**TRY IT**
Beginning with the line that holds "Gravity Form WP_List_Table::get_columns()", copy each line to the end of the records exactly, except the pictures.

(DATA FOR THIS EXERCISE)

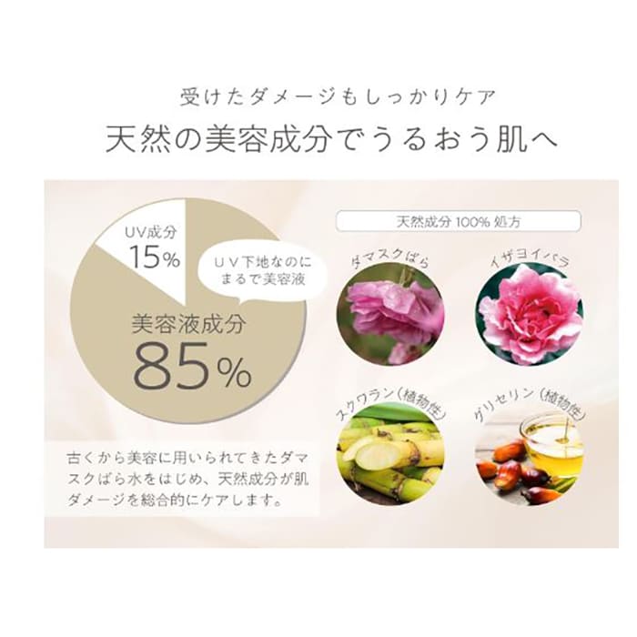 また、紫外線はもちろん、乾燥やちり・花粉などの大気中の微粒子からも肌をしっかりと効率的に守ります。皮脂となじみにくい高分子によって化粧崩れを防いでくれるため、汗をかきやすい季節にもおすすめです。
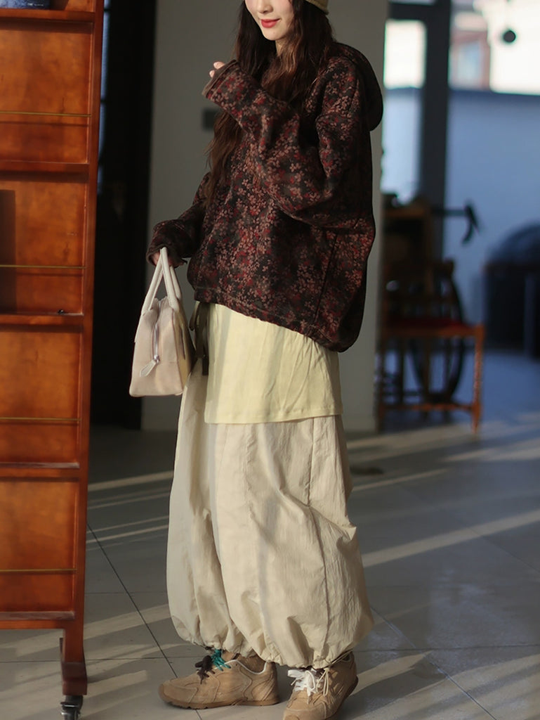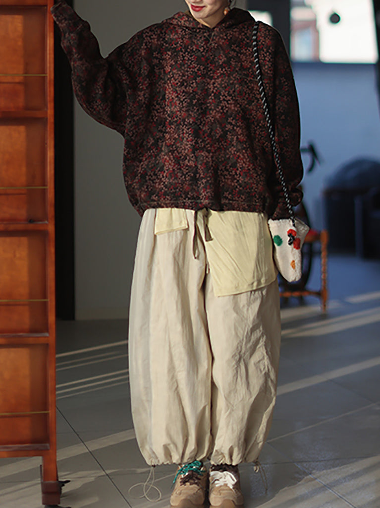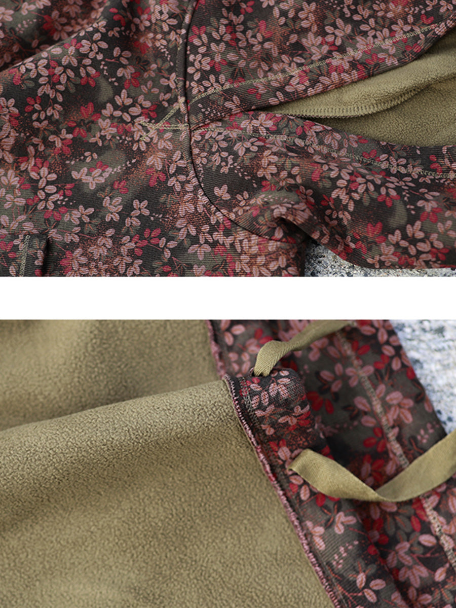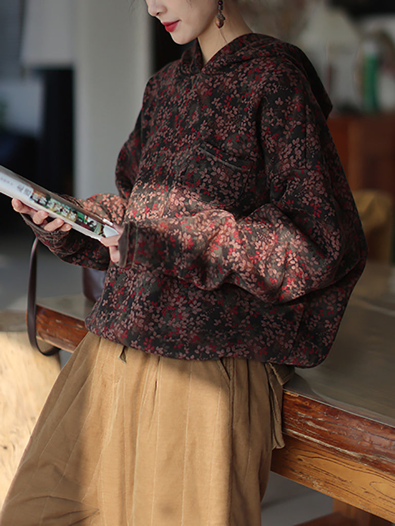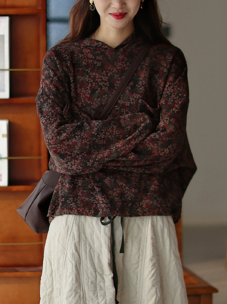 Women Vintage Autumn Flower Fleece-lined Hoodie
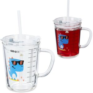 The children's drinking cup set charms with its cool dino in glasses motif and is as cute as it is practical. Both glasses have handles, lids and straws, making them particularly easy to handle. If you don't want to drink with a straw, simply use the separate drinking opening in the lid, which - just like the straw opening - can also be easily closed. After use, the glass cups can be cleaned in the dishwasher. Drinking glass for children in detail - Dimensions with lid and handle H x W x D: approx. 12 x 12.5 x 9.5 cm - Volume: approx. 400 ml - Weight: approx. 400 g - Material: Glass, ABS, silicone - Colour: Transparent, blue - For temperatures between -20 and 100°C - Maximum temperature difference is 38°C - Glasses without lid and straw are microwaveable Glass with lid and straw - Cute dinosaur in glasses motif is perfect for children - With handle for easy holding of the glass - Measuring scale gives an overview of the current filling quantity - Lid with opening for straw and extra
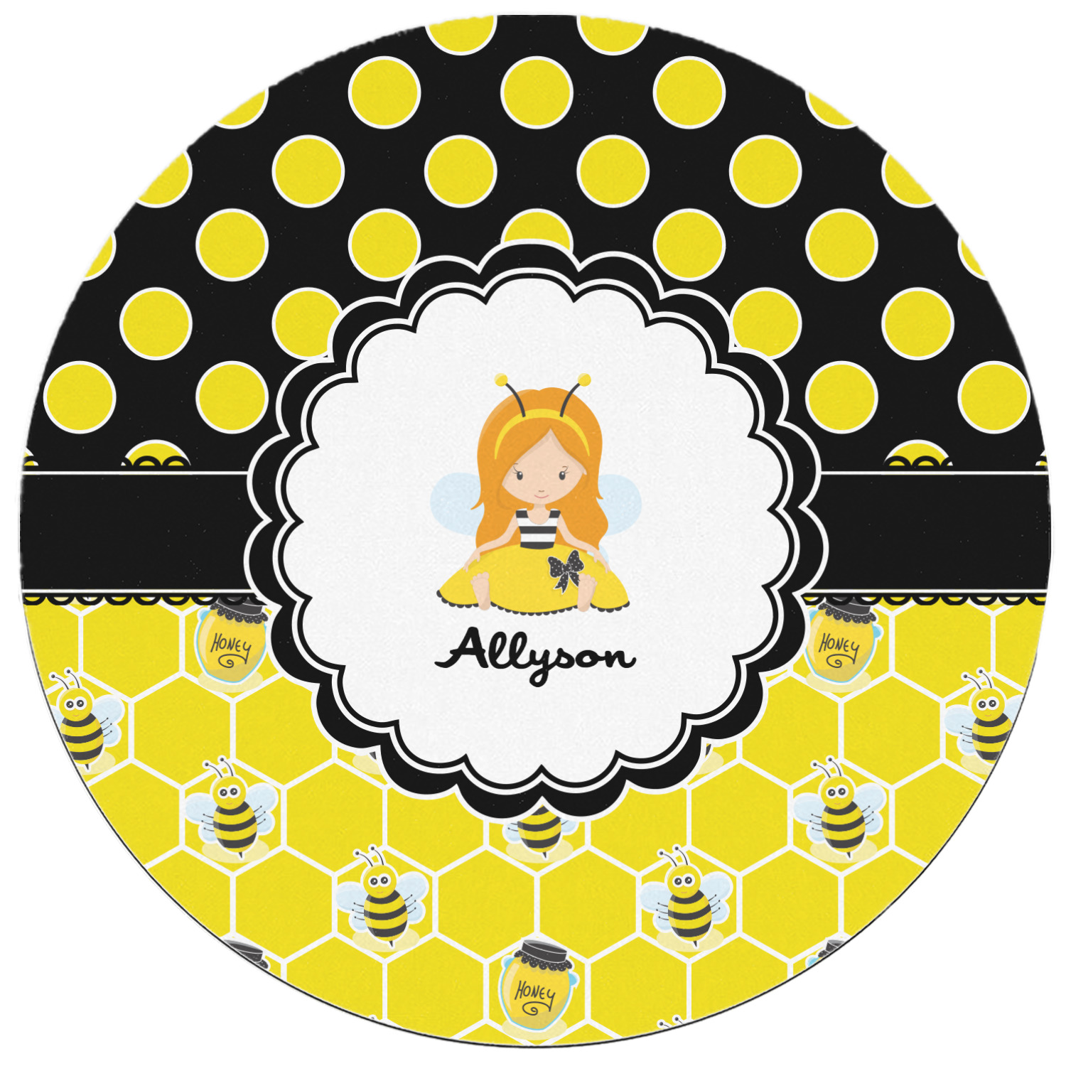 A wide lace black ribbon separates the pattern and connects a beautiful black trimmed white decorative label that provides a focal point for either a little bumble-bee or a bumble-bee obsessed girl and his/her name. As a special touch, personalize your little bumble-bee girl's hair and skin color.
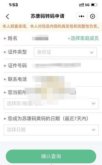3、按要求填写信息,包括姓名、证件号码、联系电话、您当前所在社区和您被赋黄码的日期。
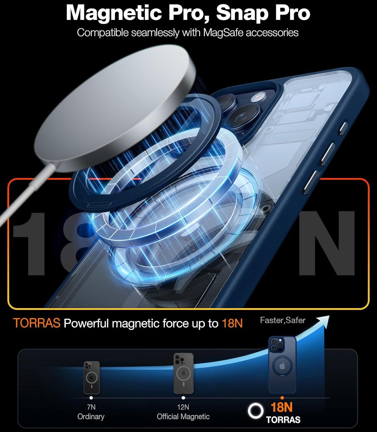 TORRAS 360 Magnetic Stand for iPhone 16 Pro Max Case, [Fit for MagSafe] [Military-Grade Protection] Translucent Slim Case for iPhone 16 Pro Max, Obsidian Black, Ostand O3 Fitness Series(Coastal Blue)
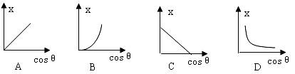 4.如图所示 ,一根轻弹簧上端固定在O点,下端拴一个钢球P,球处于静止状态,现对球施加一个方向向右的外力F,使球缓慢偏移,在移动的每一时刻,都可以认为钢球处于平衡状态,若外力F方向始终水平,移动中弹簧与竖直方向的夹角θ< 900,且弹簧的伸长不超过弹性限度,则下面给出的弹簧伸长量x与cosθ的数关系图像中,最接近的是 ( )
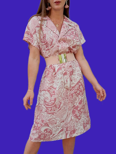 Robe vintage Nadia - Maxi paisley vieux rose, double boutonnage. Taille XL, 42,44
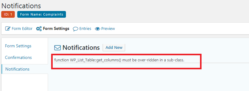 Gravity Form WP_List_Table::get_columns() Error in Notification Tab
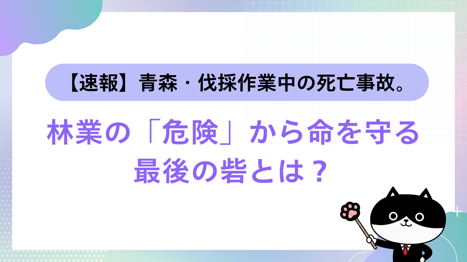 【速報】青森・伐採作業中の死亡事故。林業の「危険」から命を守る最後の砦とは?
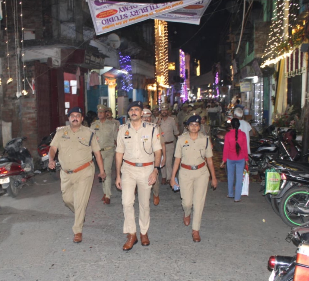 *पुलिस अधीक्षक अभिषेक यादव द्वारा आगामी पर्व दीपावली आदि को सकुशल सम्पन्न कराने* एवं जनपद में शान्ति/कानून व्यवस्था के दृष्टिगत नगर क्षेत्रान्तर्गत प्रमुख बाजारों, व्यस्त चौराहों, मिश्रित आबादी वाले क्षेत्रों एवं अन्य संवेदनशील स्थानों पर पैदल गश्त/फ्लैग मार्च कर सुरक्षा व्यवस्था का जायजा लिया गया। पुलिस अधीक्षक द्वारा नगर क्षेत्रान्तर्गत प्रमुख बाजारों, व्यस्त चौराहों, मिश्रित आबादी एवं संवेदनशील स्थलों पर भ्रमण करते हुए आमजन व व्यापारियों से संवाद स्थापित कर शांति, सौहार्द एवं आपसी भाईचारा बनाए रखने की अपील की गई।
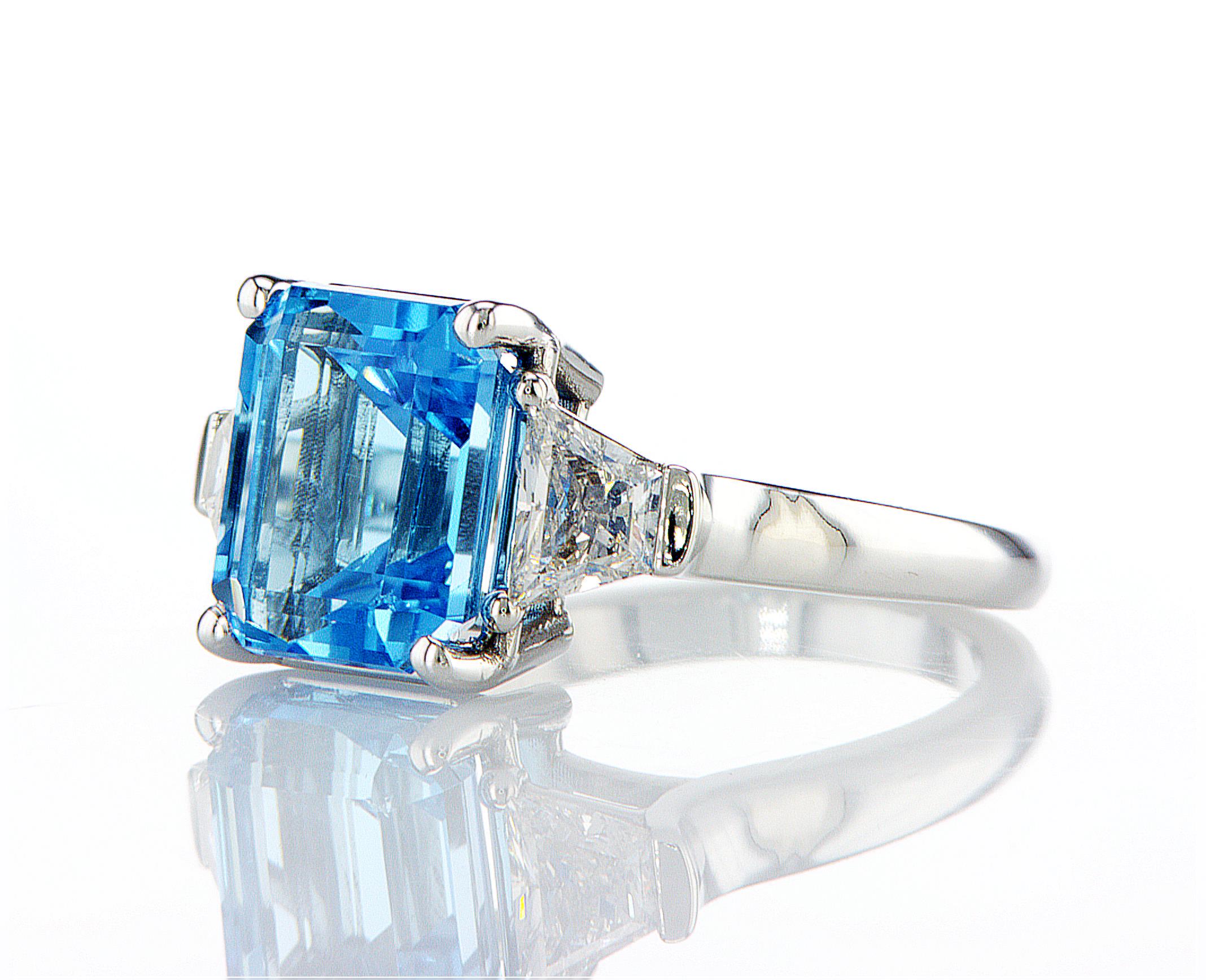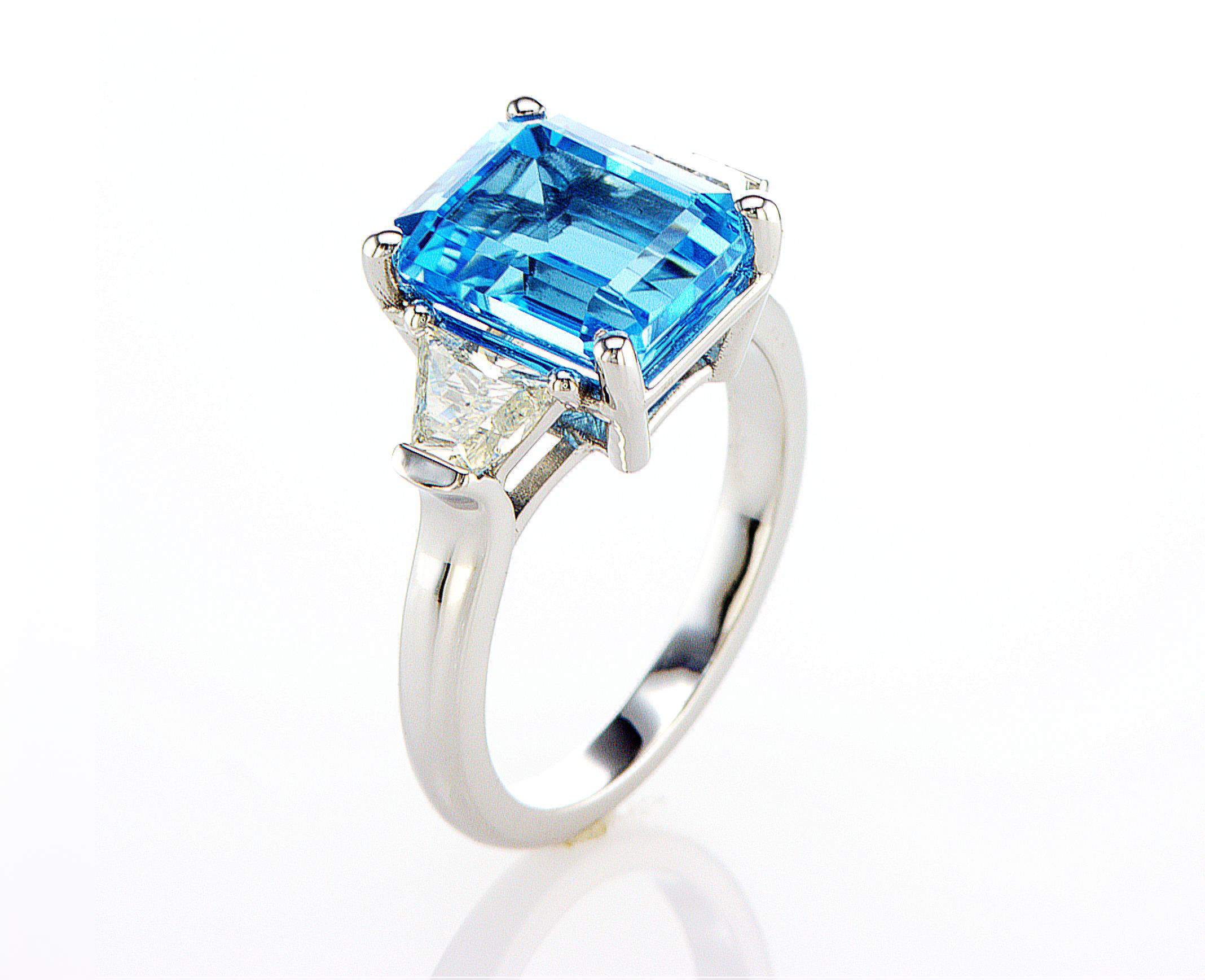 טבעת משובצת טופז כחול ויהלומים במראה יוקרתי

(End DATA FOR THIS EXERCISE)

**OUTPUT**
 Gravity Form WP_List_Table::get_columns() Error in Notification Tab
 【速報】青森・伐採作業中の死亡事故。林業の「危険」から命を守る最後の砦とは?
 *पुलिस अधीक्षक अभिषेक यादव द्वारा आगामी पर्व दीपावली आदि को सकुशल सम्पन्न कराने* एवं जनपद में शान्ति/कानून व्यवस्था के दृष्टिगत नगर क्षेत्रान्तर्गत प्रमुख बाजारों, व्यस्त चौराहों, मिश्रित आबादी वाले क्षेत्रों एवं अन्य संवेदनशील स्थानों पर पैदल गश्त/फ्लैग मार्च कर सुरक्षा व्यवस्था का जायजा लिया गया। पुलिस अधीक्षक द्वारा नगर क्षेत्रान्तर्गत प्रमुख बाजारों, व्यस्त चौराहों, मिश्रित आबादी एवं संवेदनशील स्थलों पर भ्रमण करते हुए आमजन व व्यापारियों से संवाद स्थापित कर शांति, सौहार्द एवं आपसी भाईचारा बनाए रखने की अपील की गई।
 טבעת משובצת טופז כחול ויהלומים במראה יוקרתי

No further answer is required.